This process of reversion is met with in the phenomena of crystal gazing. In these phenomena experiences acquired subconsciously are projected into the crystal in the form of visual hallucinations. The crystal gazer sees in the crystal, images, pictures of events which he cannot remember directly, but which can be found in his subconscious. The changing light and shade due to reflection and refraction give rise to peripheral sensory processes which form the nucleus, the suggestion that awakens those subconscious psychic states. Experiences mainly of one sensory nature may be transformed into and assume the character of another sense; thus experiences, mainly of an auditory character, may be projected into the crystal as visual hallucinations.

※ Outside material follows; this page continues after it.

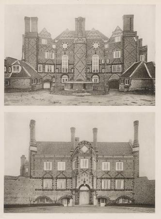 Photographs of Kelling Place (now called Home Place, Kelling), Norfolk, England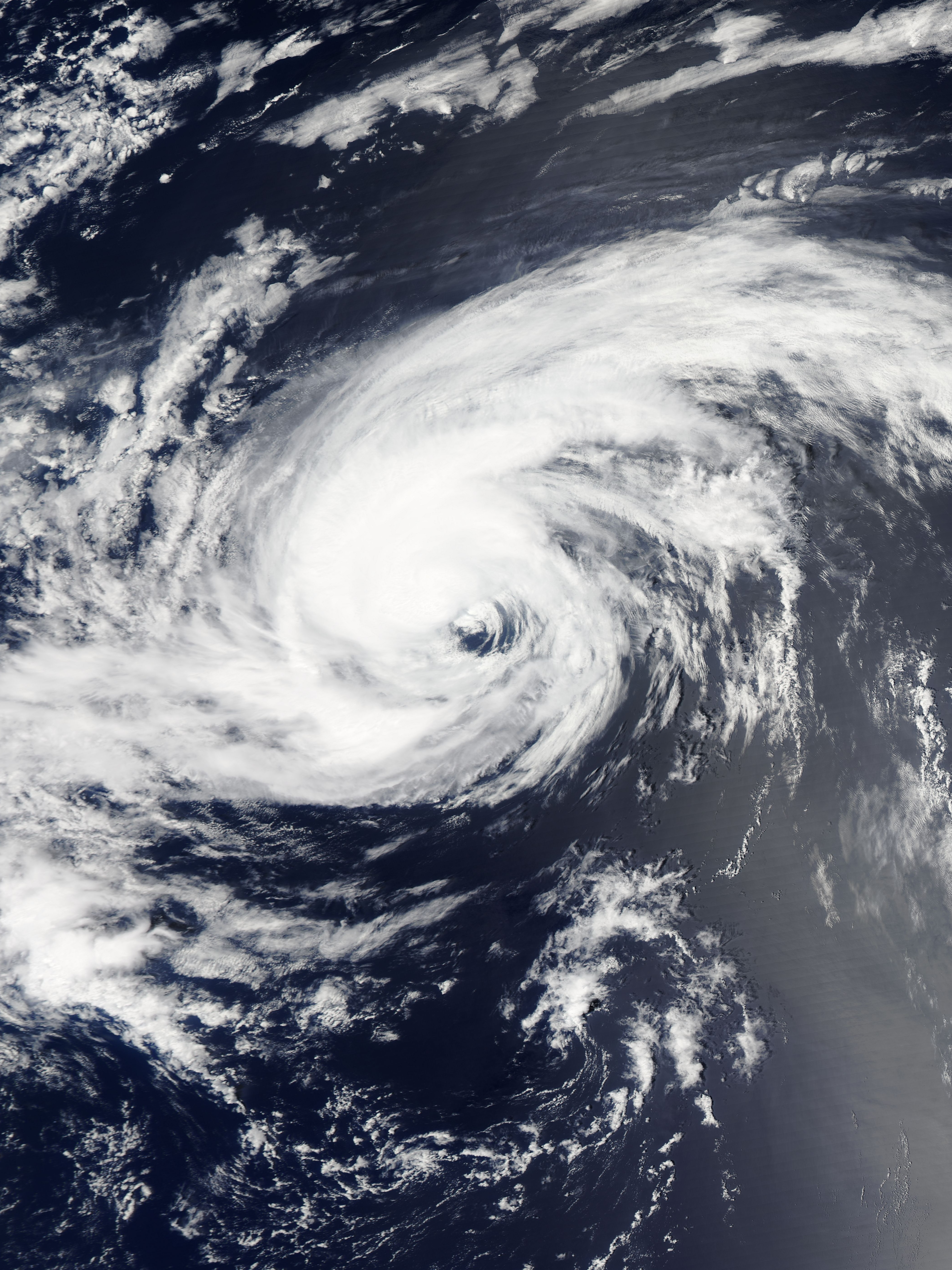 Severe Tropical Storm Genevieve west-northwest of Midway Atoll on August 11, 2014.

In the phenomena of shell hearing, we meet once more with a similar process of reversion. Psychic states originally experienced by the subconscious are objectified in the shell as auditory hallucinations. The vague, indistinct buzzing coming from the shell affects the sense-organ and gives rise to a peripheral process that forms the nucleus round which the subconscious experiences become crystallized and projected in the form of auditory hallucinations. Here, too, as in the case of crystal gazing, experiences of one sensory character may be transformed into that of another. Psychic states originally of a visual character become auditory on being projected by this reverse movement from the subconscious to the central consciousness.

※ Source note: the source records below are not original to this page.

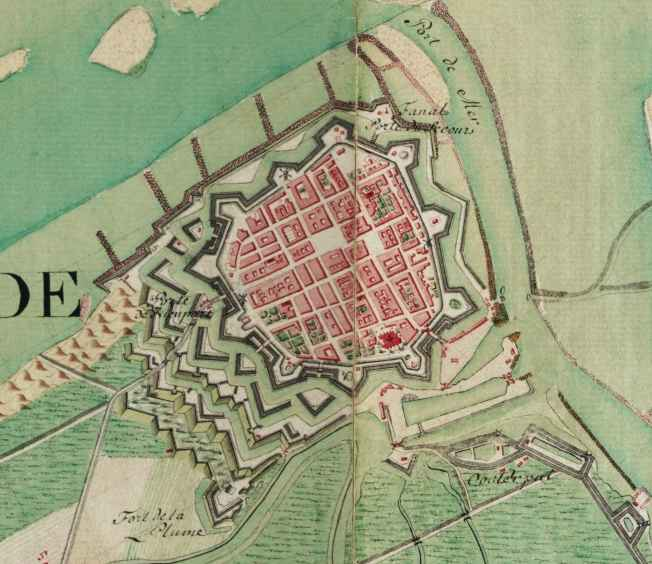 Ostend,_Belgium_;_ detail from Ferraris_Map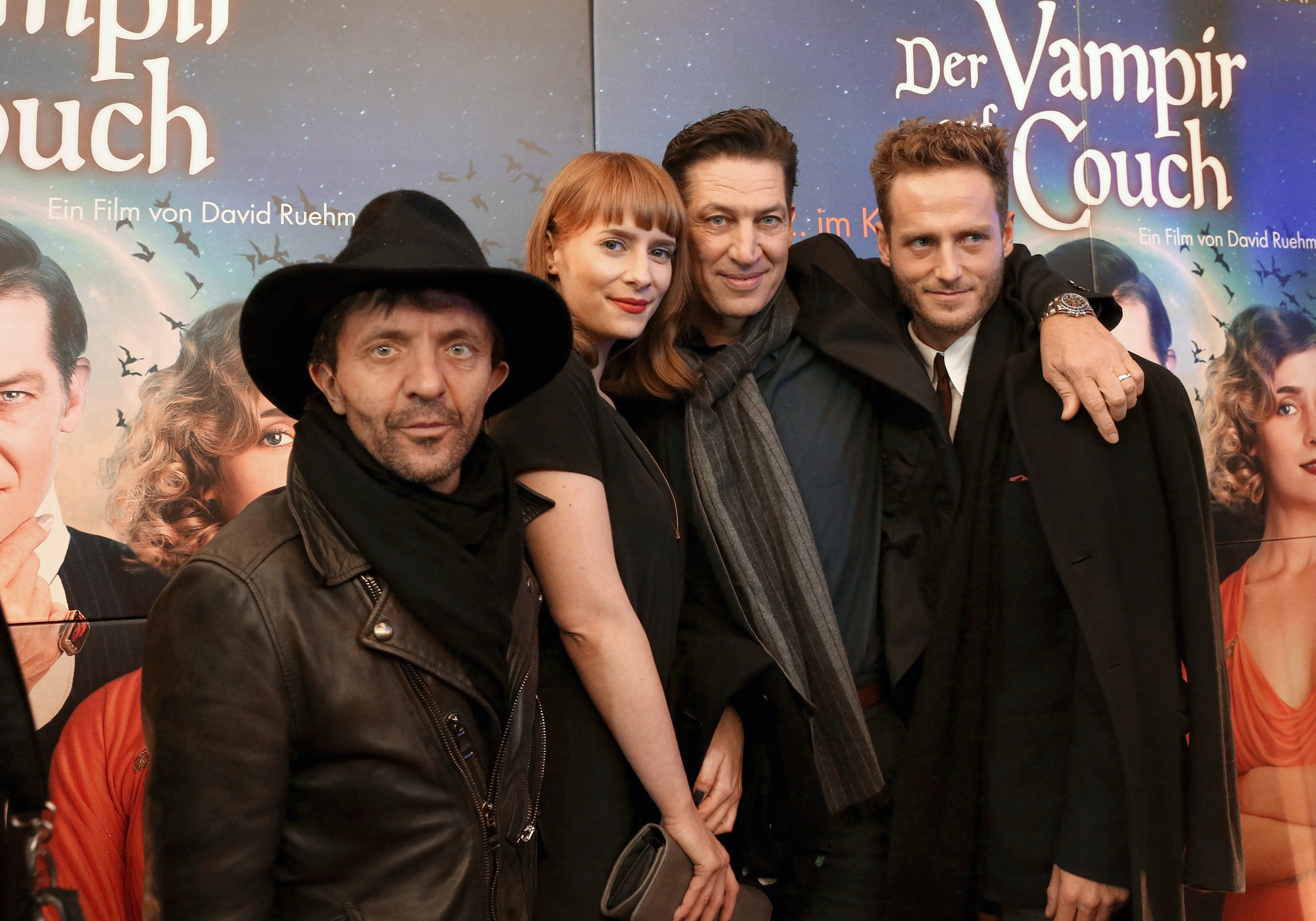 David Bennent, Cornelia Ivancan, Tobias Moretti and Dominic Oley (l.t.r.) at the premiere of the movie Therapy for a Vampire at Gartenbaukino in Vienna, Austria.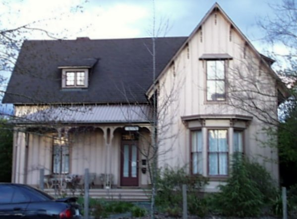 Peters-Liston-Wintermeier house, circa 1869-70, on Lincoln St. in Eugene, Oregon. It is considered one of the finest examples of the Rural Gothic Style in Oregon.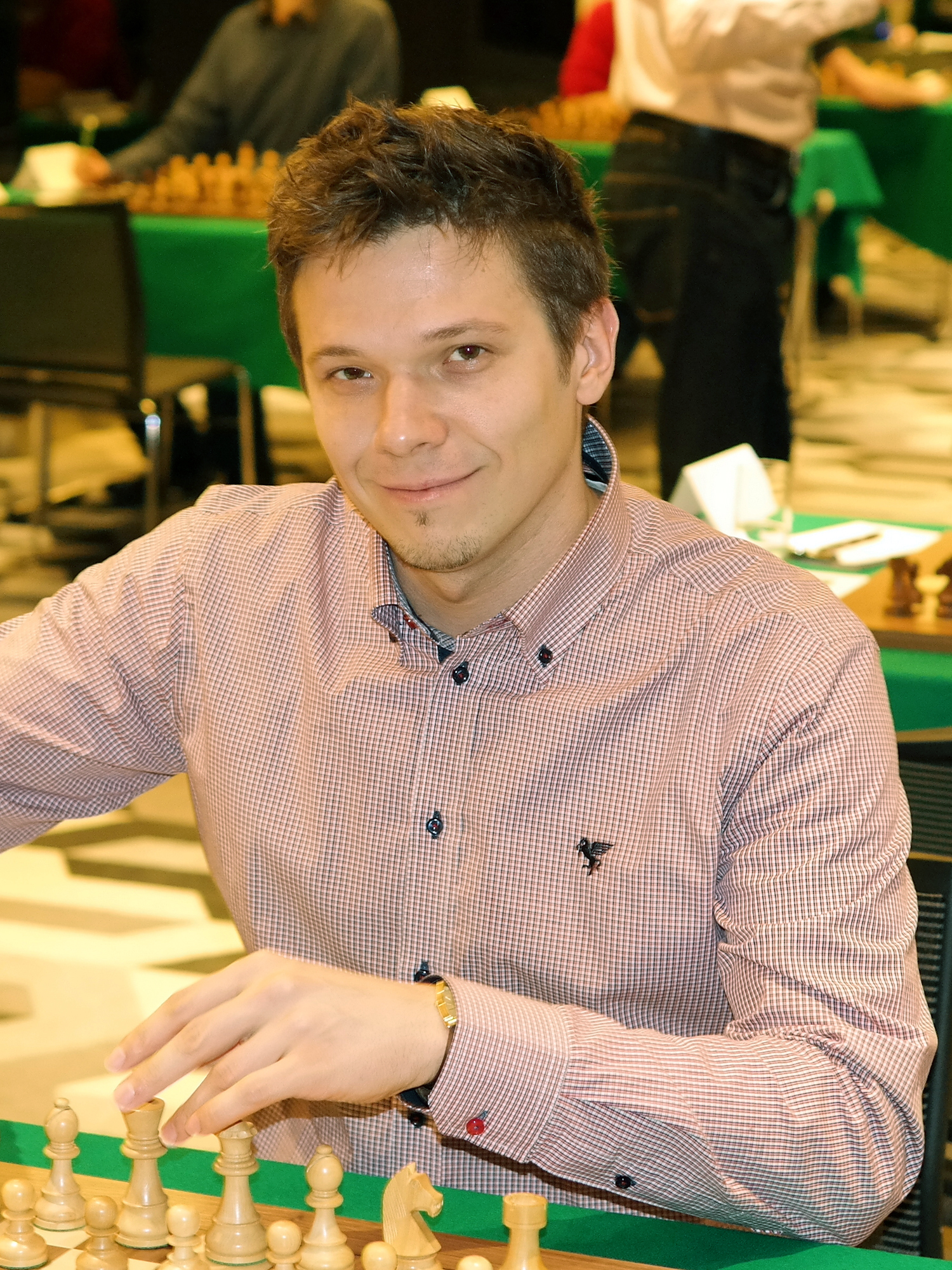 GM Bartłomiej Heberla, Polish Chess Championship, Warsaw 2014

In automatic writing we meet once more with a similar process of reversion, only under a somewhat different form. The subconsciously acquired experiences, instead of being in a sensory form as hallucinations, are motor in character; they are expressed as written words, and by this means the upper consciousness becomes for the first time acquainted with the experiences of the subconscious. This process of reversion by means of automatic writing may be cultivated and may become so persistent that the subconscious regions may keep up a correspondence with the upper consciousness and reveal its experiences by “messages” apparently coming from another world.

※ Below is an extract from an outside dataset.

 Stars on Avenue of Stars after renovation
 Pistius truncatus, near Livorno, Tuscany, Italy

The phenomena of automatic speaking are rather rare, and are very much akin to those of automatic writing. The subconscious instead of projecting its experiences in the form of written words, does it by means of the spoken word. Here, too, as in the case of automatic writing, the process may become cultivated and the subconscious may carry on its intercommunications in a systematic form. The spoken messages, coming from the subconscious and revealing strange experiences first subconsciously acquired and then only made known in the way of the spoken word to the upper consciousness, appear inspired and awe-inspiring. They are “voices from another world.”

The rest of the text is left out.